Third, while the State summarizes the enervation of double jeopardy protections at the federal level, it fails to offer sound reasons for similarly depleting those protections in Nevada. Most notably, the State fails to offer the very arguments that we would expect to accompany the request for such a change in this court’s double jeopardy jurisprudence. For instance, the State fails to
argue that the “practical realities” of sentencing in Nevada have somehow reached extremes of complexity analogous to federal sentencing law. Neither does the State argue that Nevada has ever adhered to the sentencing “package” doctrine in its federal form. The State has therefore failed to convince this court that the same predicates exist in Nevada for overturning
Dolby
that, at the federal level, reinforced the paradigm shift in federal sentencing law following
DiFrancesco.
We hesitate to trade Nevada’s double jeopardy protections for a divergent approach whose applicability to Nevada the State has far from completely explained.
For these three reasons, we conclude that the rule enunciated in
Dolby
reflects the heightened citizen protections traditionally afforded under the Nevada Constitution.
Accordingly, we reaffirm the core holding of
Dolby
and decline the State’s invitation to alter our double jeopardy jurisprudence.

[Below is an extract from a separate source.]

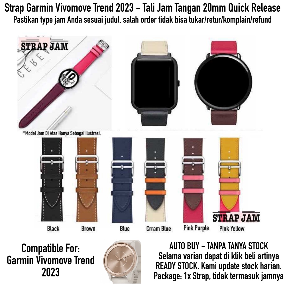 Tali Jam 20mm Strap Garmin Vivomove Trend 2023 - Fashion Kulit Penuh Gaya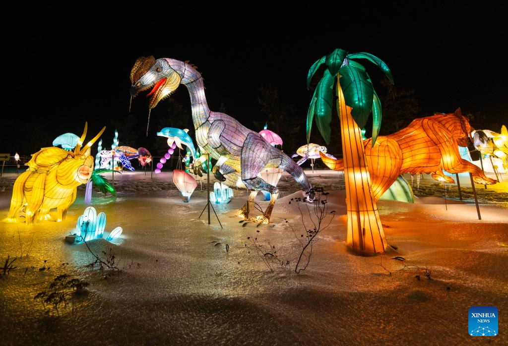Light installations are pictured during an international light show titled "Bright Nights" in Niagara-on-the-Lake, Ontario, Canada, Feb. 14, 2025. The outdoor light show is held here from Dec. 6, 2024 to March 1, 2025. (Photo by Zou Zheng/Xinhua)

Application of Dolby to Wilson’s resentencing
Applying
Dolby
to this case, we conclude that the district court’s modification of Wilson’s sentence unconstitutionally increased the lawful sentences on those counts which we affirmed on appeal. Initially, the district court sentenced Wilson to 4 terms of 24 to 72 months on the possession counts to run concurrently with 4 consecutive terms of life with the possibility of parole after 10 years on the production counts. Under this sentence, Wilson faced an aggregate minimum sentence of 40 years to life. After this court vacated the three production counts, four possession counts and one production count remained. Thus, Wilson should have been sentenced to an aggregate minimum sentence of ten years on all re
mlining counts.
On remand, however, the district court increased the minimum sentence on the remaining possession counts from 24 to 28 months to run consecutively with one another and with the 10-year term on the remaining production count. After resentencing, Wilson faced an aggregate minimum sentence of 19 years and 4 months. Even though the resentencing did not lead to a harsher result than Wilson’s original sentence, the district court individually increased the minimum terms on each of the remaining possession counts and restructured the relationship between the possession counts and the lone production count. We conclude that
Dolby
forbids this sentencing procedure.
CONCLUSION
We conclude that the core holding of
Dolby
continues to embody the double jeopardy policy followed in this state. We further extend
Dolby
to apply to resentencings mandated on appeal. Accordingly, we conclude that, in this case, the district court’s resentencing on the lawful portions of Wilson’s conviction surviving direct appeal violated Wilson’s rights against double jeopardy. We therefore vacate Wilson’s amended sentence and remand this matter for resentencing consistent with this opinion.
Maupin, C. J., Gibbons, Hardesty, Douglas, Cherry and Saitta, JJ., concur.